Since this is a bootstrapping method, when we're calculating the **temporal-difference** error $\delta_t$ we'll have to rely on an estimate of future returns. Two proposed variants for this are fixed Q-targets and Double DQN.

The functions `dt_dqn`, `dt_double_dqn` implement these two variants. Both take an extra boolean parameter `d` that signals when the episode is over, since in that case, there is no future return and the TD error is simply $\delta_t = r - Q(s, a)$.

Note that these functions expect `s`, `a`, `r`, `ns` and `d` as **torch tensors**, where the number of rows indicates the batch size.
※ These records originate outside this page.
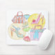 Une illustration pour aquarelle à la mode de deux chaussures de talons hauts entourées par des sacs à main et des fans colorées. Ce mousepad est un cadeau parfait pour votre épouse, amie ou un collègue de votre bureau qui est juste ennuyé des mousepads gris ordinaires.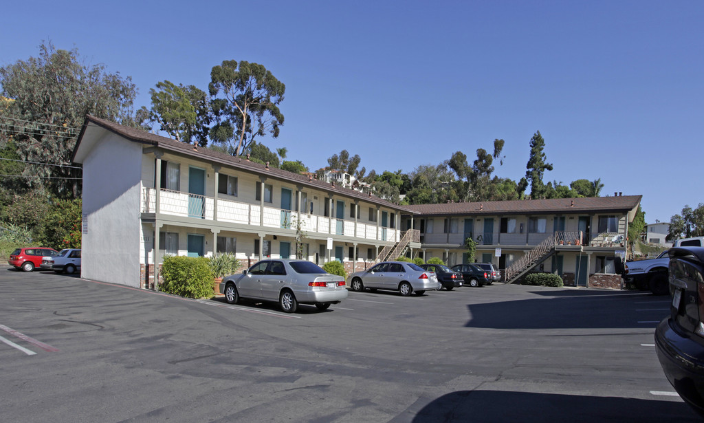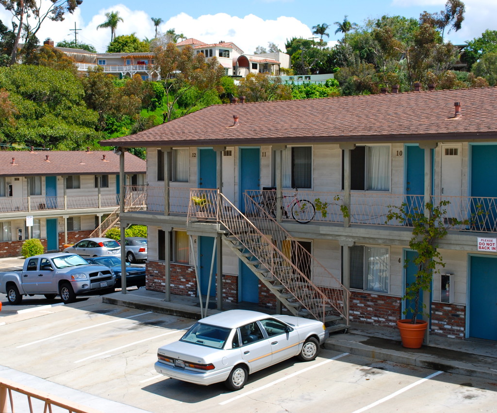 Located in the Old Town/Mission Hills area of San Diego, we are sited in a wooded area overlooking Lindberg Field and San Diego Harbor, and above the India Street colony near Washington and India Streets. We feature small, unfurnished studios and studio alcoves. The alcoves are larger studios with separate living room and bedroom set-ups. We are at the top of a big hill, but are close to all the best that San Diego has to offer - Old Town, downtown San Diego, Balboa Park, the Harbor areas, etc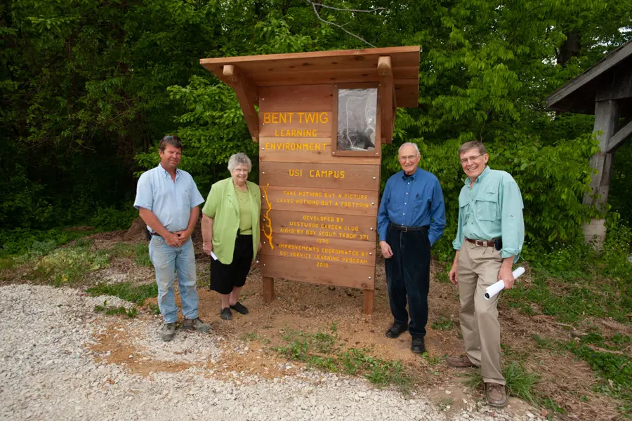 In the Fall of 2009, the Director of USI's Service-Learning Program, Dr. Anne Statham, Professor of Sociology, led several students through a refresh of the Bent Twig Trails at the northwest corner of campus. Students participating in the project laid gravel and mulch along the trails, cut back the natural growth encroaching on the walking paths and researched what native species could be planted along the paths. Azaleas were planted along the trails leading to Reflection Lake. Working with Dr. Charles Price, professor of science education and Don Fleming, USI's property supervisor, they planted many ferns along the main trail.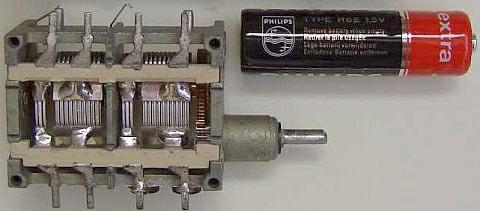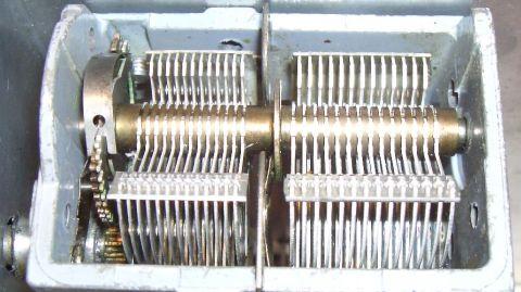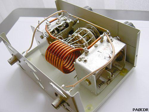 Two section broadband capacitors (fig») with a build-in reduction were used. These can still be found new and on hamfests. Do not pass them up because you think the gap between the plates is not sufficient. The gap in my capacitors is rather small and the capacitance value is 380 pF per section.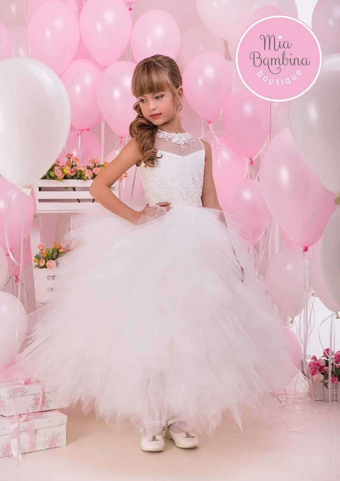 The perfect mini bridesmaid dress with its fluffy tiered skirt and elegant lace embellished neckline. Tank top makes this flower girl dress ideal for any summer wedding or formal occasion. Features a floor-length tutu tulle skirt and lace fitted bodice. Made to order in white, ivory, pink, blush, or champagne.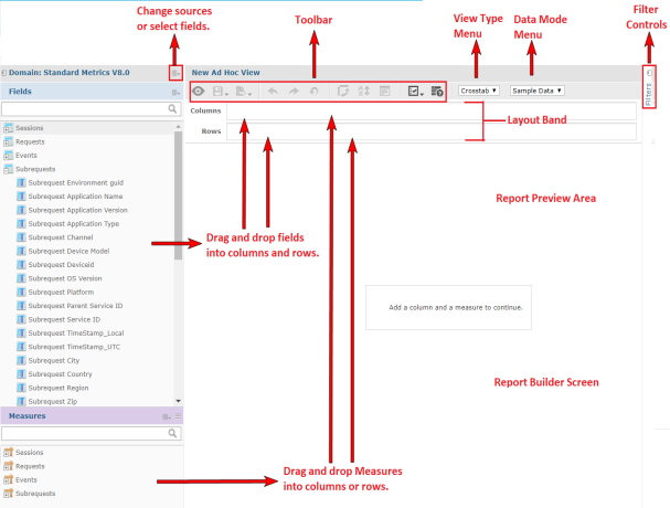 Note: The default data view type is Crosstab. You can change it to either Table, Chart or Crosstab after the report builder user interface gets loaded.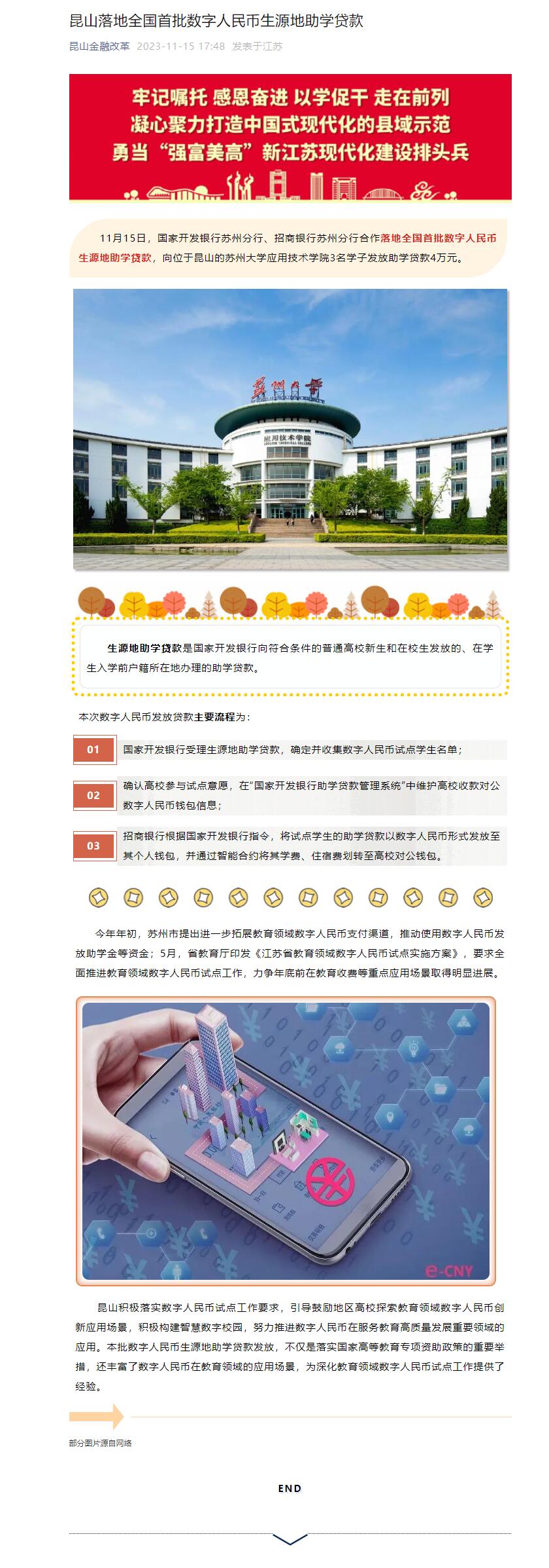 昆山金融改革:昆山(苏大应用)落地全国首批数字人民币生源地助学贷款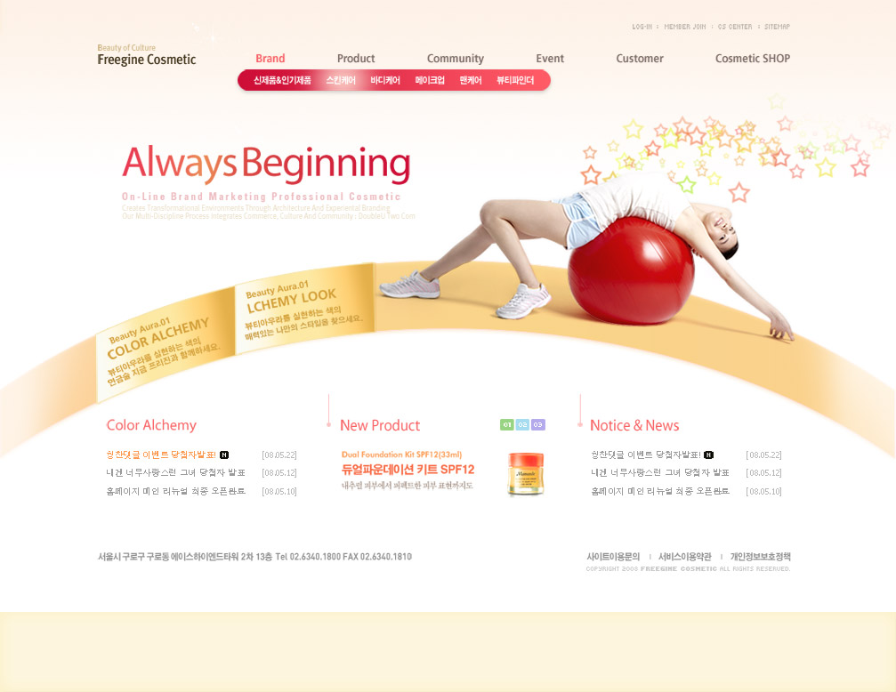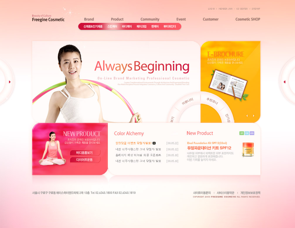 粉红色韩式瑜伽跳绳拳击游泳运动健美网页设计和美容化妆产品网站界面设计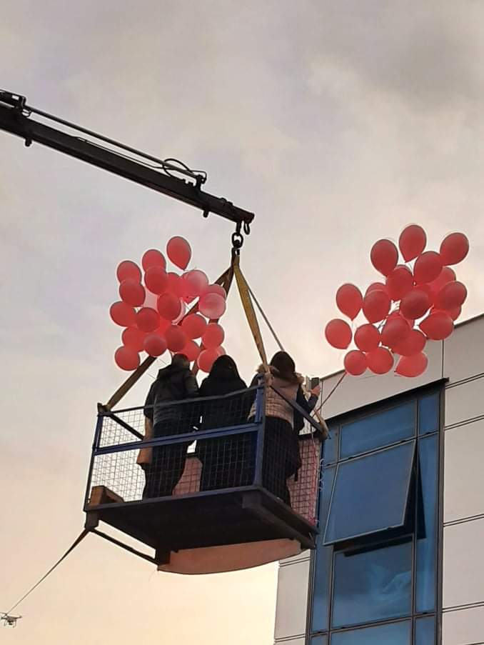 «Ήρθαν εσκεμμένα εκείνη την ώρα να μου μετρήσουν την πίεση και το οξυγόνο για να είμαι απασχολημένη. Ο σύζυγός μου είχε κλείσει και τις κουρτίνες -καθώς ήταν όλα προμελετημένα, και τη στιγμή που μιλούσα με τη μαία, ακούω απ’ έξω μουσική, τραγούδια, κόρνες και φωνές. Ανοίγουν την κουρτίνα, με πηγαίνουν με το κρεβάτι μου δίπλα στο παράθυρο, μου φέρνουν τη μικρή αγκαλιά και βλέπω τα αγαπημένα μου πρόσωπα πάνω σε ένα καλάθι γερανού», περιγράφει η νεαρή μητέρα.

The return value is also a vector with the same number of rows, one for each tuple.

#### 4.1 Fixed Q-targets

The original paper proposed the method of fixed Q-targets, essentially **duplicating the network**, creating $Q_{local}$ and $Q_{target}$, where the former is used to determine the policy and the latter is updated less frequently and only used to estimate future returns. In particular, the equation for $\delta_t$ is

$$\delta_t(s, a, r, s') = r + \gamma \max_{a'} Q_{target}(s', a') - Q_{local}(s, a)$$

In [6]:
def dt_dqn(s, a, r, ns, d, q_local, q_target, gamma):
    with torch.no_grad():   # no need for gradients when we're evaluating the TD target
        QT = q_target(ns)   # evaluate the next state using the target network (out: [n * action_size])
        QT = QT.max(1)      # take the max along the column (actions) (out: two tensors [n])
        QT = QT[0]          # - [0] has the max values for each element in the batch, 
                            # - [1] has the indexes of the max values

    a = a.unsqueeze(1)      # reshape [n] -> [n * 1]
    QL = q_local(s)         # evaluate the current state using the local network (out: [n * action_size])
    QL = QL.gather(1, a)    # for each row, take the column in QL indicated by a (out: [n * 1])
    QL = QL.squeeze(1)      # reshape [n * 1] -> [n]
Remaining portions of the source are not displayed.